In this chapter, we will cover two ways to incorporate nonlinear relationships:

Include a quadratic
Include a logarithmic transformation

8.1 Learning objectives

Explain why and how to extend a regression model to include a quadratic relationship
Interpret the coefficients associated with a quadratic term in a regression model
Compute the value of the quadratic explanatory variable at which the outcome is at its maximum or minimum
Explain the difference between percent change and percentage point change
Explain why to log-transform variables in a regression model
Interpret results from log-log, log-level, and level-log models

8.2 Quadratic

If we theorize or see visual evidence that the association between an explanatory variable and an outcome is such that the outcome initially increases or decreases as the explanatory variable increases, then, at some value of the explanatory variable, the outcome decreases, then we may want to include a quadratic term of that explanatory variable in our regression model. That long-winded statement warrants an immediate visualization provided by Figure 8.1 below.

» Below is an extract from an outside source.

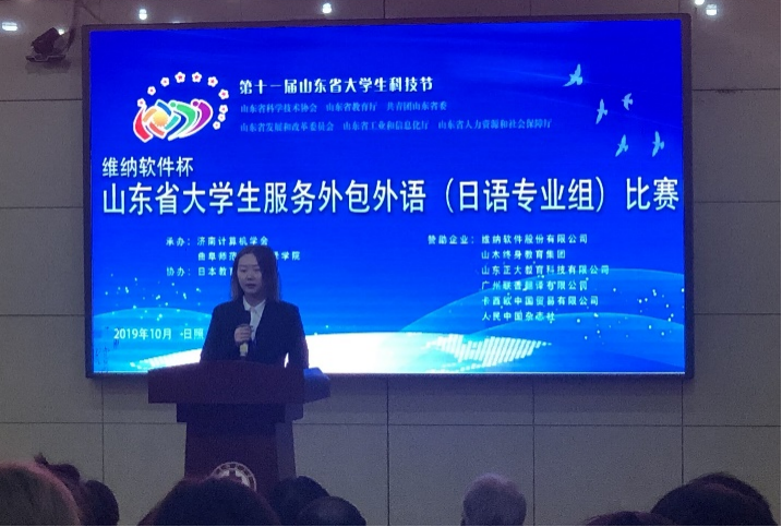 各类赛事和校园活动。日语系继续组织学生积极参加各类赛事,如青岛市山口银行杯日语演讲比赛、“外教社”杯山东省大学生科技外语大赛、山东省大学生服务外包外语(日语专业组)比赛。日语专业的学生在这些市级、省级赛事中都取得了不俗的成绩。通过参赛,学生开拓了视野,能够更好地认识自我和他人,取长补短,互相学习,提高了学生的综合素质。每年都有青岛市日本文化节、校园外语文化节及外文短剧大赛等丰富多彩的文化活动。

Note that wage appears to initially increase with age, then decreases. The data present a pattern that resembles an inverted U, also known as a concave parabola. Age and wage is a classic example of a quadratic relationship. We should not force ourselves to fit a straight line to these data; we can estimate a better line.

Figure 8.1: Wages by age

Equation (8.1) presents a generic population regression model with a quadratic term ($x_1$ and $x_1^2$). The only difference between this and previous models is the choice to square one of the explanatory variables. This is just an example. Any number of explanatory variables can be squared if theory warrants it.

\[\begin{equation} y = \beta_0 + \beta_1x_1 + \beta_2x_1^2 + \beta_3x_2 + \cdots + \beta_kx_k + \epsilon \tag{8.1} \end{equation}\]

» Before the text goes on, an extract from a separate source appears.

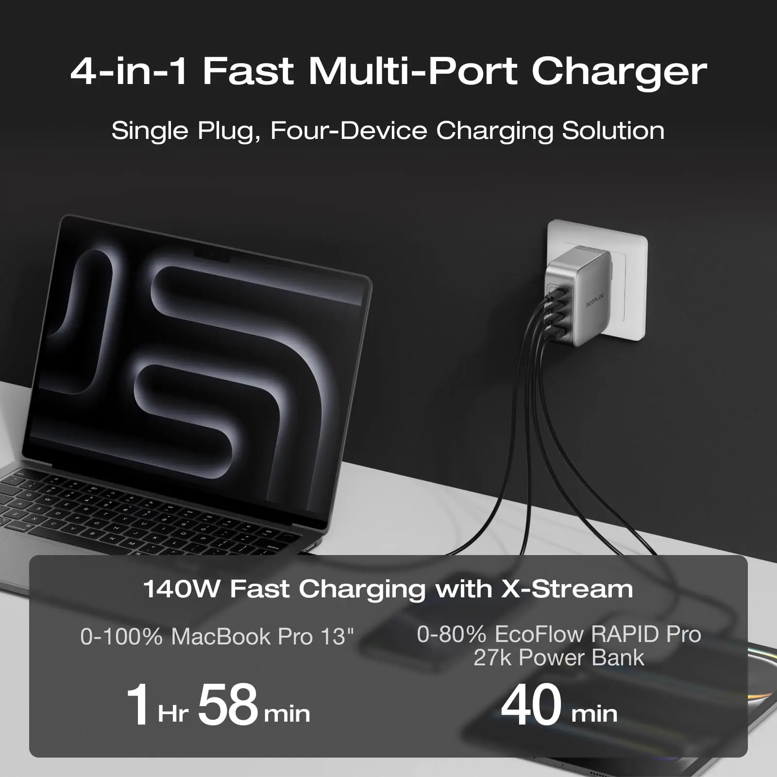 EF EcoFlow Rapid Pro Charger (140W, 4 Ports), 140W (Max) USB-C, 4-in-1 Multi-Device Charger

Thus, the sample equation is as follows

\[\begin{equation} \hat{y} = b_0 + b_1x_1 + b_2x_1^2 + b_3x_2 + \cdots + b_kx_k \tag{8.2} \end{equation}\]

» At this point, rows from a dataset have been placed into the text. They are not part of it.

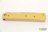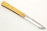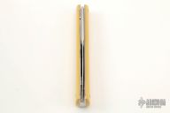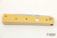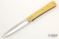 This D&D Fantail Auto by Rainy Vallotton features a mirror finished blade with a false top edge. The handle has yellow paper micarta scales, polished titanium liners with jeweled interiors, and a stainless steel backspacer. Strong and fast leaf-spring opening, nice lockup. Excellent condition.
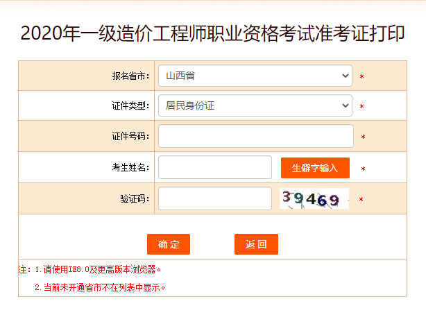 好消息!2020年中国人事考试网一级造价师工程师山西地区准考证打印入口开通了,请广大考生进入中国人事考试网打印。
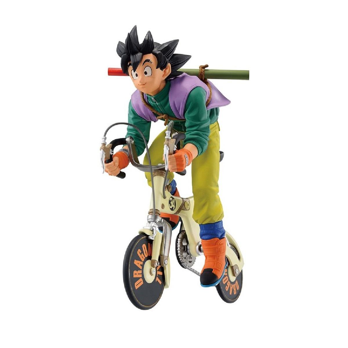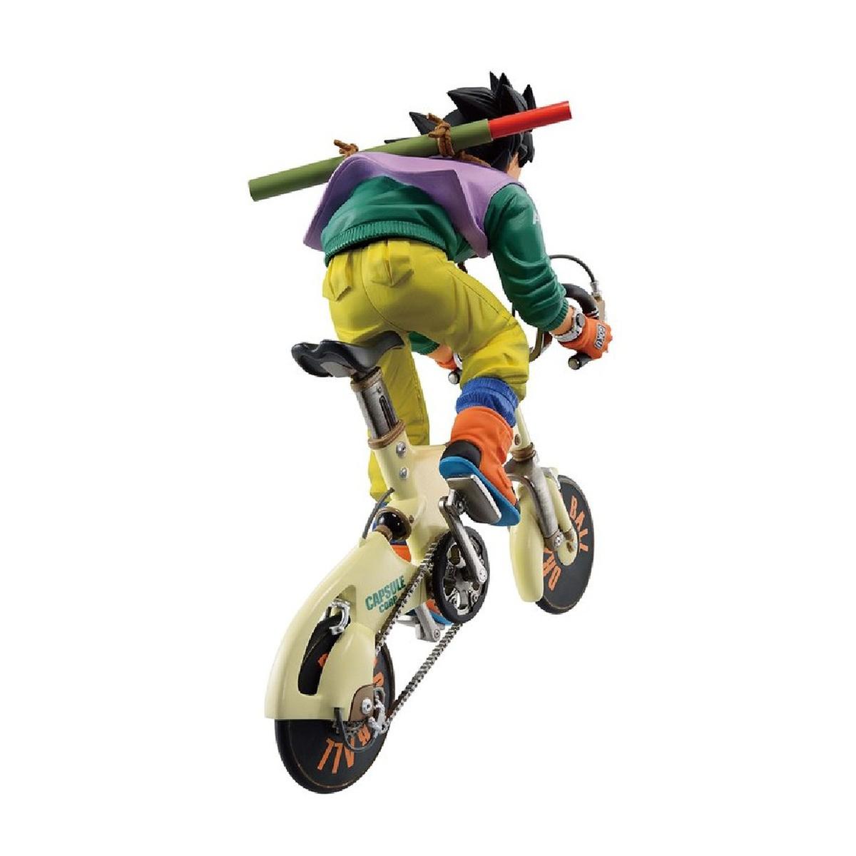 Esta pieza única captura a Goku en una escena cotidiana, montando una bicicleta de Capsule Corp, evocando la icónica portada del volumen 34 del manga.

As we have done before, once we obtain estimates for the coefficients that correspond to $x_1$ – $b_1$ and $b_2$, we want to be able to report how much $y$ is predicted to change due to a one-unit change in $x_1$. In order to report the marginal effect of an explanatory variable that has been squared, we use Equation (8.3) below. The result of this equation provides the predicted change in $y$ given a one-unit change in $x_1$.

\[\begin{equation} b_1 + 2b_2x_1 \tag{8.3} \end{equation}\]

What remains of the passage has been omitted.